Agenda item

Thriving Communities Evaluation Scoping

Minutes:

The Board received a paper setting out an approach to the evaluation of the Social Prescribing Innovation Partnership and was asked to determine how that evaluation should be delivered.

 

The confirmation of the approach to evaluation of social prescribing represented an immediate and pressing priority.  It was vital that there was a shared view of what success would mean for the social prescribing model from the outset of the Innovation Partnership, with an agreed approach to evidencing success that was sufficient for partners to make future investment decisions on a collaborative basis.  However, the questions raised by this exercise were equally applicable across all activity which sought to deliver the Thriving Communities and Health Improvement ambition through community led early intervention and prevention approaches.  These approaches had the potential to have wide reaching fiscal, economic and social benefits but the service currently sat outside of any single discrete area of commissioning or service transformation.

 

The proposed evaluation framework for the Social Prescribing Innovation Partnership considered in detail within the submitted report sought to explore four key questions:

1.  What is the impact for the people referred into social prescribing?

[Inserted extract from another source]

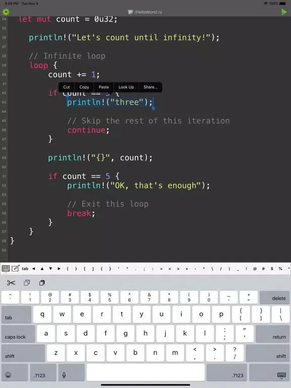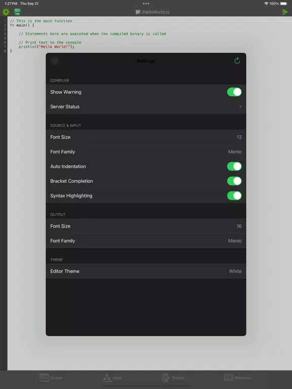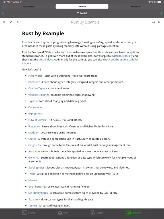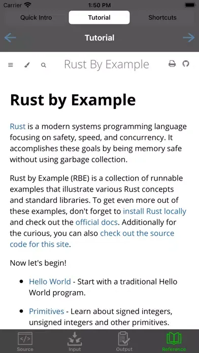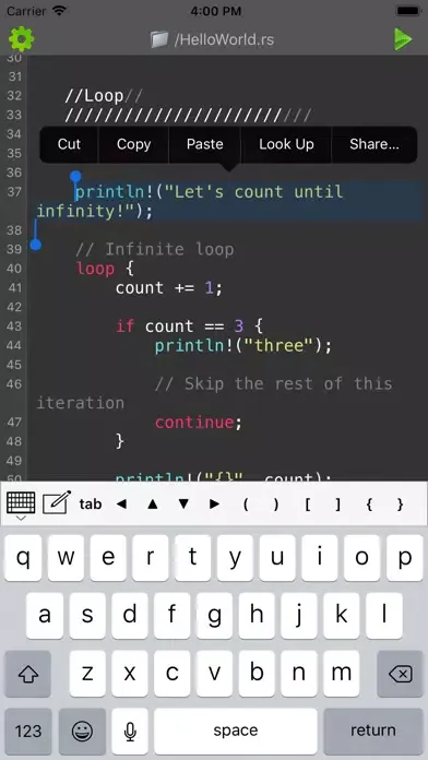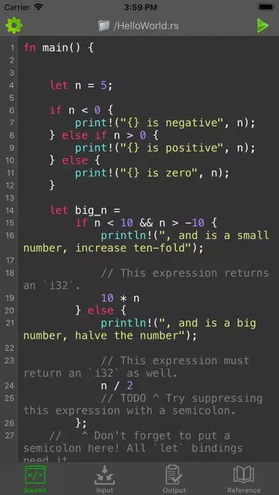Write Rust code directly on your iPhone, iPad and iPod Touch! This app is ideal for learning and testing code snippets!

2.  What is the impact on the public service system?

3.  What is the impact on the local voluntary, community, faith and social enterprise (VCFSE) sector?

4. How effectively has the model been implemented?

 

A range of methodologies comprising quantitative measures, Social Return on Investment Modelling and qualitative engagement with key stakeholders were proposed to seek to capture impacts across the intended outcomes of social prescribing.  A budget of up to £100k had been allocated within Thriving Communities Transformation Funding as part of the business case.  A number of options as to how the Social Prescribing evaluation could be delivered had been identified and an assessment of each was presented in the submitted report -

 

Option A - To commission the whole evaluation in two parts – firstly, the quantitative and social return on investment elements and secondly, the qualitative elements. 

Option B - To engage an evaluation partner to deliver the qualitative and social return on investment elements of the evaluation while using existing in-house resources to deliver the quantitative elements. 

Option C - To appoint to a post within the Thriving Communities team to deliver the whole evaluation. 

 

A Member queried the nature of the proposed evaluation, asking whether the assessment could be achieved through other forms of analysis, including the setting of key performance indicators and developing in-house capacity.  The Board was asked to note that funding had already been identified and approved within the business plan and that a specific skill set, not necessarily available currently, was required to undertake the evaluation.  It was also suggested that an external view would add credibility to the evaluation results and noted to the Board that the NHS was increasingly seeking University inputs into evaluation exercises to ensure rigour. 

 

RESOLVED that the proposed evaluation framework for the Social Prescribing Innovation Partnership be agreed, the evaluation methodology to be agreed subject to considerations by the Strategic Director (Reform) in consultation with the Cabinet Member for Health and Social Care as to reducing costs on the exercise and how in-house capacity could be drawn upon and developed to contribute to support the evaluation.